# Breaking down Pipeline()

HF has a pipeline() funtion that tokenizes, passes the inputs through the model and post-processes all in one step. We want to break-down this process to better understand transformers.

In [2]:
from transformers import pipeline

classifier = pipeline("sentiment-analysis")
classifier(
    [
        "I've been waiting for a HuggingFace course my whole life.",
        "I hate this so much!",
    ]
)

  from .autonotebook import tqdm as notebook_tqdm
No model was supplied, defaulted to distilbert/distilbert-base-uncased-finetuned-sst-2-english and revision 714eb0f (https://huggingface.co/distilbert/distilbert-base-uncased-finetuned-sst-2-english).
Using a pipeline without specifying a model name and revision in production is not recommended.
Device set to use mps:0


[{'label': 'POSITIVE', 'score': 0.9598050713539124},
 {'label': 'NEGATIVE', 'score': 0.9994558691978455}]

# Step by Step

## Step 1. Tokenizer 

In [None]:
from transformers import AutoTokenizer

# This command retrieves the tokenizer used during training for the model used in pipeline()
checkpoint = "distilbert-base-uncased-finetuned-sst-2-english"
tokenizer = AutoTokenizer.from_pretrained(checkpoint)

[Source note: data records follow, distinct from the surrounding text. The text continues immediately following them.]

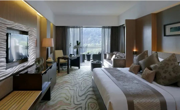 酒店三百多间房,每间都由top级设计师操刀,秉承东南亚设计的典雅风格,轻奢、大气,配置齐备。在大屏障国家森林公园的环绕下,安逸而私密,景观辽阔,放眼望去都是湖光山色,或者躺在藤椅上看云卷云舒,没有比这更惬意的了~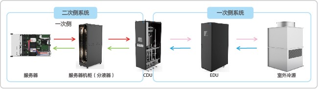 液冷技術(shù)是中興通訊打造極致PUE、助力綠色數(shù)據(jù)中心的關(guān)鍵路徑之一。中興通訊已推出全液冷系統(tǒng)解決方案,由室外冷源、液冷服務(wù)器機(jī)柜、CDU(Coolant Distribution Unit)、EDU(External cooling system Distribution Unit)四部分組成(見圖1)。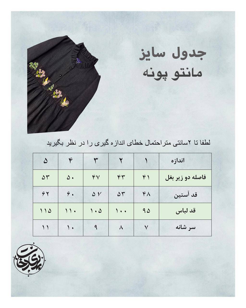 ( یه راهنمایی برای کسانی که اندازه‌ها رو با یه نگاه می‌خوان بدونن. مانکن  قدش ۱۶۰هست، سایز ۴ پونه رو پوشیده. )

# Turning the prompt/input into tokens
raw_inputs = [
    "I've been waiting for a HuggingFace course my whole life.",
    "I hate this so much!",
]
inputs = tokenizer(raw_inputs, padding=True, truncation=True, return_tensors="pt")
print(inputs)

{'input_ids': tensor([[  101,  1045,  1005,  2310,  2042,  3403,  2005,  1037, 17662, 12172,
          2607,  2026,  2878,  2166,  1012,   102],
        [  101,  1045,  5223,  2023,  2061,  2172,   999,   102,     0,     0,
             0,     0,     0,     0,     0,     0]]), 'attention_mask': tensor([[1, 1, 1, 1, 1, 1, 1, 1, 1, 1, 1, 1, 1, 1, 1, 1],
        [1, 1, 1, 1, 1, 1, 1, 1, 0, 0, 0, 0, 0, 0, 0, 0]])}


## Step 2. Define Model that we want to use for our task

In [None]:
from transformers import AutoModel
from transformers import AutoModelForSequenceClassification

To retrieve full output along with hidden layers, we can use the AutoModel with will return a vector of dimension (sequence size, sequence length, hidden states from the model)

In [None]:
model = AutoModel.from_pretrained(checkpoint)
outputs = model(**inputs)
print(outputs.last_hidden_state.shape)

torch.Size([2, 16, 768])


For classification, we only need to find the logits for the classes, i.e. logits = W*h + b

In this case W is a 2x768 matrix and h is a 768x1 vector. Which leads to a 2x2 output logits matrix.

In [None]:
# We can specify the classification task in HF using the following
model = AutoModelForSequenceClassification.from_pretrained(checkpoint)
outputs = model(**inputs)
print(outputs.logits.shape)

torch.Size([2, 2])


## Step 3. Convert Raw Logits into Probabilities

From step 2 we want to convert logits into probabilities that we can inteprete.

In [9]:
import torch
predictions = torch.nn.functional.softmax(outputs.logits, dim=-1)
print(predictions)

tensor([[4.0195e-02, 9.5980e-01],
        [9.9946e-01, 5.4418e-04]], grad_fn=<SoftmaxBackward0>)


Now, the model outputs are converted to probabilities that we can interpret. Let's retrieve the labels that the model used for this classification.

In [10]:
model.config.id2label

{0: 'NEGATIVE', 1: 'POSITIVE'}

So for the first sentence, about 4% negative and 96% positive. For the second sentence, about 99.9% negative and near 0% positive.